Aplicando esta ideia a um período e local bem específicos, como é o caso trabalhado aqui, percebemos que as estratégias operárias para resistir aos ditames da ditadura na década

de 1970 eram variadas. Entre elas, estava encontrar meios de acesso à saúde e proteção jurídica. Se os sindicatos cumpriam tal demanda era também porque havia uma compreensão de que aquele espaço deveria ser destinado a essa assistência. Isso não significa necessariamente que o sindicato tinha sido esvaziado de função política, ou que os/as trabalhadores/as não o viam como um espaço para debates de outra ordem que não a da assistência - pelo contrário, o sindicato permanecia sendo entidade de referência política para os operários e operárias, mesmo que não a entidade respondesse à altura.

A precarização do emprego na iniciativa privada com a criação do FGTS deixou os/as trabalhadores/as mais suscetíveis às oscilações dos mercados de trabalho. A ocultação governamental de dados oficiais sobre o índice inflacionário brasileiro deixou estes/as mesmos trabalhadores sem acesso a uma remuneração minimamente justa. A impossibilidade de dizer “não” abertamente ao governo, sob pena de prisões, torturas e assassinatos, dificultou a articulação política de operários/as. Não bastassem os constrangimentos clássicos do sistema capitalista, vividos pela classe desde, pelo menos, o século XIX no Brasil, durante a ditadura os/as operários/as viram-se diante de mais estes problemas.

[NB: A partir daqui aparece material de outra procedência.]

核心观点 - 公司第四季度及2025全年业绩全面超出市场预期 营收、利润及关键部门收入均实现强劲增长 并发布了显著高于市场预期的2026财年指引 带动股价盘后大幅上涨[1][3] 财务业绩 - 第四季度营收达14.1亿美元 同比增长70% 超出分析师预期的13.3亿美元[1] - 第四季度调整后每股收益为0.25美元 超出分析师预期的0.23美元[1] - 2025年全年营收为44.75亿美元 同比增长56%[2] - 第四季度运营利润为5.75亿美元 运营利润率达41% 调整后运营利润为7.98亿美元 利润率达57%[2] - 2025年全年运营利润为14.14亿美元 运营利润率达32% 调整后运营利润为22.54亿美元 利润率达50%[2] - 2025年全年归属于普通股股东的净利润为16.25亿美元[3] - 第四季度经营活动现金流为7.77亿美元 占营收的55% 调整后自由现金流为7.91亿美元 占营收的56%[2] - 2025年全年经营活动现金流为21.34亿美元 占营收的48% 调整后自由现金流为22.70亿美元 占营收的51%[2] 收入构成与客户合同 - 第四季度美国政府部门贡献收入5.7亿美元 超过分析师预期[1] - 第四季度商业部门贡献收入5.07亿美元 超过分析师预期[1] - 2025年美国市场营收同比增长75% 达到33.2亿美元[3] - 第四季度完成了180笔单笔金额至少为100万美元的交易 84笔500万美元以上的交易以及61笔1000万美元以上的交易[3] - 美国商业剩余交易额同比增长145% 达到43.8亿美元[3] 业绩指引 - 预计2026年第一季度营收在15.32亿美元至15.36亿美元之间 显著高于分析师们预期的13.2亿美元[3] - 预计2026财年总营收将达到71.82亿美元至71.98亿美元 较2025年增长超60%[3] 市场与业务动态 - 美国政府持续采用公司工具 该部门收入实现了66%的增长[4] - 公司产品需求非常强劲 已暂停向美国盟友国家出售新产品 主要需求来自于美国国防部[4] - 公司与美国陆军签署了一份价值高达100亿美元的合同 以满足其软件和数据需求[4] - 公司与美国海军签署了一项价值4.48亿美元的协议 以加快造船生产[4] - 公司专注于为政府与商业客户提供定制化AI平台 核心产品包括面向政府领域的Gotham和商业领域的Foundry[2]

Os sindicatos, falando de modo genérico, cumpriam parte da demanda que a insegurança gerava. Se a contestação do sistema capitalista deveria fazer parte ou não das funções de um sindicato nos anos 1970, isso é outra questão. O fato é que a assistência à saúde por parte da entidade sindical foi bem vista por trabalhadoras/es de Novo Hamburgo, dentre outros motivos, porque era um dos poucos espaços de auxílio material com os quais aqueles sujeitos podiam contar.

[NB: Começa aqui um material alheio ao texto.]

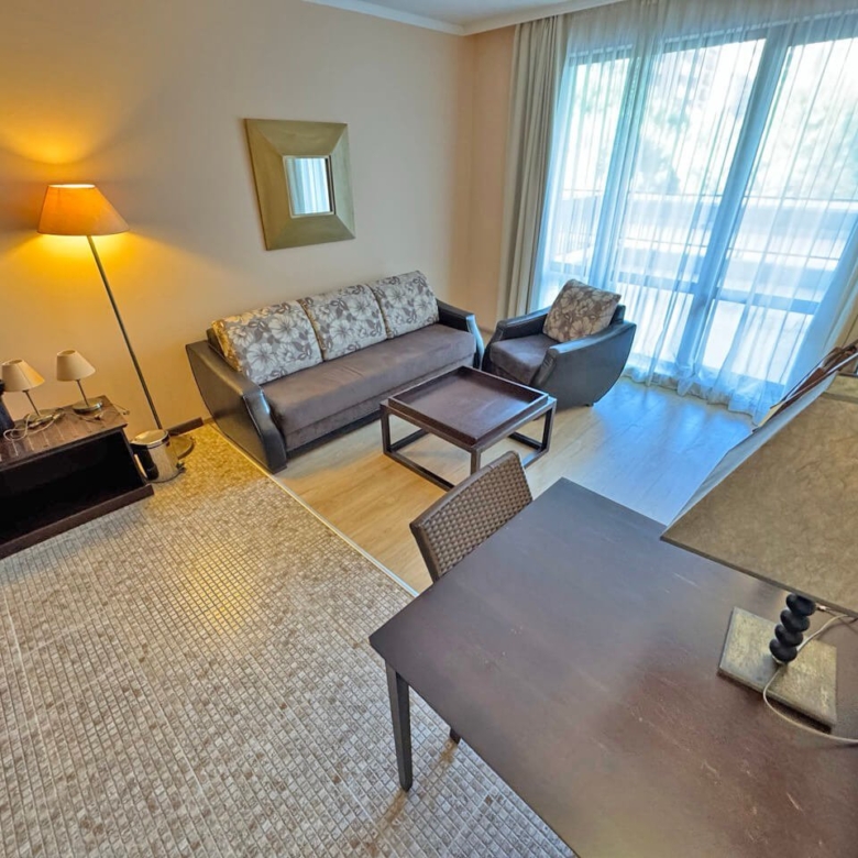 For sale is a stylish and fully furnished two-room apartment in the renowned five-star residential and hotel complex Barcelo Royal Beach, located in the heart of the popular resort of Sunny Beach, just a few steps from the fine sandy beach.
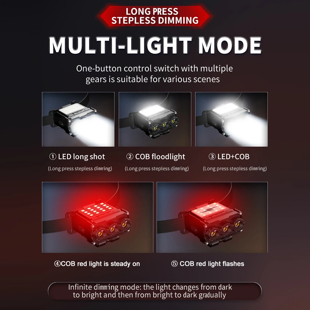 4. Battery Level Indicator: Stay informed about your battery status with the head flashlight's built-in power display. This feature allows you to monitor the battery life, ensuring you're never caught without light during critical moments, enhancing safety and reliability.
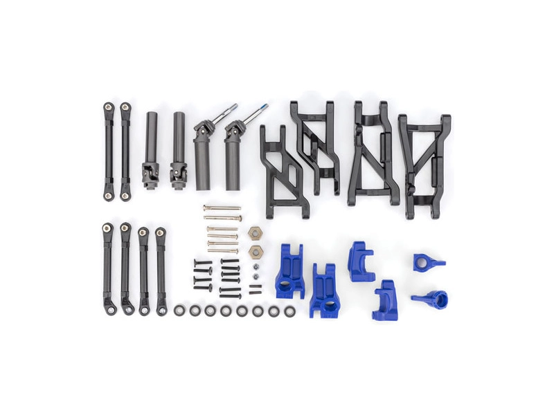 Tunigová sada zavěšení Extreme Heavy Duty - modrá, pro vysoké zatížení. Upgradujte exponované části vašeho modelu Slash 2WD a Raptor 2WD. Jednotlivé díly sady jsou vyrobeny z odolných materiálů.

Por isso, tomando cuidado ao olhar para esse passado, defendo aqui a expressão “assistência à saúde”, ao invés de “assistencialismo”. A primeira dá conta de compreender as diferentes interpretações quanto à função do sindicato, enquanto que a segunda serve mais à depreciação de um modelo indesejado pelos “novos” sindicalistas.

Se, por um lado, o aspecto positivo do sindicato é lembrado pelos/as trabalhadores/as entrevistados/as como a assistência à saúde, os aspectos negativos são narrados sob a perspectiva política.